The 2015 synod was also noted for the focus given to family life concerns across the continent of Africa. Many African prelates attending the meeting spoke eloquently about difficult situations of violence or poverty faced by local churches there.
One priest observer from Africa said he hoped the exhortation would "develop a framework" for aligning marriage and family life on the continent more closely to church teaching, but that it would not "succumb to the temptation of facilely baptizing all things African."
"It needs to have a critical edge, because there is much in marriage and family life that cries out for reconsideration and redemption," said Jesuit Fr. Agbonkhianmeghe Orobator. He specifically mentioned gender-based violence, polygamy, and child marriage as issues in Africa.
"I hope the exhortation pays attention to the complex and complicated contexts of Africa and underscores the critical importance of investing in conditions and means that empower people to make better witnesses of the Gospel of the family and effective practitioners of familial spirituality," said Orobator, a moral theologian and principal of Hekima University College in Nairobi, Kenya.
Another issue Francis may discuss in the exhortation is his call for a church that is more "synodal," or where there is better decentralization of governance.
In a speech at the 2015 synod, marking the 50th anniversary of synod meetings, Francis called for a church where everyone -- from the pope on down -- listens to one another and works together to discern God's will.

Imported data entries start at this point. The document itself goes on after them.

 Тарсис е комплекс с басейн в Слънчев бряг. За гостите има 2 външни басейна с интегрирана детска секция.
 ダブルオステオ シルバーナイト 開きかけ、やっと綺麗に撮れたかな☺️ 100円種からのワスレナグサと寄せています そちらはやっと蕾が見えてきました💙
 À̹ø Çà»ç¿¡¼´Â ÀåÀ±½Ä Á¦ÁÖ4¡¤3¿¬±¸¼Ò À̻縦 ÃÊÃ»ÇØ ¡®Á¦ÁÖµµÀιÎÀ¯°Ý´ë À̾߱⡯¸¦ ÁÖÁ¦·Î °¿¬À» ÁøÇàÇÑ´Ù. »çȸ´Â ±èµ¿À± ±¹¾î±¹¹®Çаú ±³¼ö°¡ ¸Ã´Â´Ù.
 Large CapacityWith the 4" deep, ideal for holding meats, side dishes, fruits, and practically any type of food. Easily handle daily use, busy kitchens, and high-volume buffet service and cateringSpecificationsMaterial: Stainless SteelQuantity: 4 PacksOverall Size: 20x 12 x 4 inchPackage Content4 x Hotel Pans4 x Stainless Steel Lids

Quoting from Evangelii Gaudium, the pope said there was a "need to proceed with a healthy decentralization" of church structures.
Coleridge expressed hope that the coming exhortation might expand on the pope's understanding of collegiality and synodality, notably, "what the pope meant ... when he spoke of 'a healthy decentralization,' leaving some decisions to the bishops or their conferences in these most culturally conditioned of areas."

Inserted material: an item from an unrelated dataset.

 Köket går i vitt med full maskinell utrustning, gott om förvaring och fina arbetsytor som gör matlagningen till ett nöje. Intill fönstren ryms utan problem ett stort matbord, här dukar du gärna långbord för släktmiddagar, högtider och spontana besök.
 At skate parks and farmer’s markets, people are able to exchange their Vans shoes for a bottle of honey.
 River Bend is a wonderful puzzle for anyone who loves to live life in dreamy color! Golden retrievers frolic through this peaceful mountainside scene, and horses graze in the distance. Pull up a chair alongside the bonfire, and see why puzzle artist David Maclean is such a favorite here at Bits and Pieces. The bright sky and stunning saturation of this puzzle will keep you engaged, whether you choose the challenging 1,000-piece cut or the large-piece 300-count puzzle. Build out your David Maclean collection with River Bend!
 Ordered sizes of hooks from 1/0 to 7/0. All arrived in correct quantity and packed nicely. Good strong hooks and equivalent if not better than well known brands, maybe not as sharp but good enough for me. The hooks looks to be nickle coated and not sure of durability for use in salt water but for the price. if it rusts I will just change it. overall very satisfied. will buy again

Italian church historian Massimo Faggioli said one sign to look for on the pope's commitment to decentralization is whether he quotes in his exhortation only from the 2015 synod's final document, or also from the debates held over the weeks of meetings at both years' synods.

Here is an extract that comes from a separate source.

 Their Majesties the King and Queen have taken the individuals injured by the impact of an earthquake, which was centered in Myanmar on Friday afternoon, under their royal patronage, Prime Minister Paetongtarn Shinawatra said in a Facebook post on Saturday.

"If Francis considers and quotes also the debates, then it is important because the synodal process is taken seriously," said Faggioli, associate professor at the University of St. Thomas in St. Paul, Minn.
Gaillardetz also expressed hope that Francis' exhortation would address lesbian, gay, bisexual and transgender people positively.
The theologian mentioned that the report from the 2015 synod was not as open toward gay people as an interim report published from the 2014 synod, which had a section titled "Welcoming Homosexual Persons."
"I hope the pope will recover the gains we saw in the  synod and affirm the graced character of many committed, stable same-sex relationships," he said.
Overall, Gaillardetz said, he hopes the pope will "follow his pastoral instincts, which generally lead him to meet people where they are."
"Modern Catholic teaching has had far too much said on marriage and family that traffics in highly romanticized language often tragically far removed from ordinary human existence," Gaillardetz said.
During a press conference on the papal flight back to Rome after his visit to Mexico in February, Francis said he hoped to have the exhortation published before Easter, March 27.